Document FR 2877046 describes a solution that consists in using bolted connections that can rupture in order to attach an upstream part and a downstream part that form a bearing carrier. The rupture screw of each bolted connection passes through an upstream hole of an upstream part and a downstream hole of a downstream part of a bearing carrier, the downstream part of the bearing carrier forming an integral part of the casing. The screw head of the rupture screw is adjacent to the hole of the upstream part and is in contact with this upstream part on a plane perpendicular to the axis of the hole.
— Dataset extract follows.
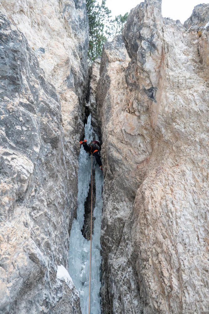 Vom Stand über delikates Eis und dann kurze Überwindungspassage im Fels aus der Verschneidung und Stand an kleinen Baum. M5+ WI5 30m

The portion of the rupture screw that passes through the hole is in contact with the inside of the hole via a centering portion and has a portion of reduced cross section liable to rupture when a predetermined tensile force is exceeded, thus uncoupling the two parts that make up the bearing carrier.
It will also be noted that with this type of bolted connection that can rupture, the longitudinal positioning of the low-pressure compressor shaft can be achieved via a thrust bearing, in the form for example of a ball bearing, between the drive shaft and the upstream part of the bearing carrier.
However, with such a rupture screw, when imbalance appears, the upstream part and the downstream part move relative to one another in a circular relative motion which has the effect of subjecting the rupture screw to shear loadings, because of the tangential contact around this rupture screw, and these may lead to uncontrolled rupturing of the rupture screws. Now, these rupture screws are designed for tensile loadings, and this has a deleterious effect on the uncoupling of the bearing carrier.
In order to improve control over the uncoupling function, document EP 2071 138 describes a solution which involves replacing the centering portion described in document FR 2877046 with a means referred to as a “dual-centering” means. This means may in practice consist of the collaboration of a groove and of a rib of complementing shapes, in contact with one another via their two flanks, thus offering two parallel contact surfaces. Such centering, by means of these two parallel surfaces, makes it possible to reduce, if not to eliminate entirely, the ovalizing deformation of the bearing carrier by maintaining permanent contact between the flanks of the groove and of the rib. In order to reduce further, if not to eliminate, the shear forces applied to the rupture screws, document EP 2071 138 also proposes eliminating any contact between each upstream hole and the rupture screw passing through it, allowing said rupture screws to be subjected only to tensile loadings, thus guaranteeing better control over the uncoupling of the bearing carrier.
However, the high axial thrust caused by the aerodynamic forces internal to the turbomachine dictates a need for a large-sized thrust bearing. Significant bulkiness generated by this thrust bearing means that said thrust bearing has to be installed on the downstream side of the bearing carrier, while a roller bearing is installed on the upstream side of said bearing carrier.
As a result, if blades are lost, the low-pressure compressor shaft is still held longitudinally by the thrust bearing of the downstream part of the bearing carrier. As the upstream bearing secured to the shaft is furthermore a roller bearing, no forward movement drives the upstream part of the bearing carrier. This then results in a risk that the upstream and downstream parts of the bearing carrier might not disengage, and the consequence of this would be that the imbalance generated by the loss of blades would be transmitted in full to the structures.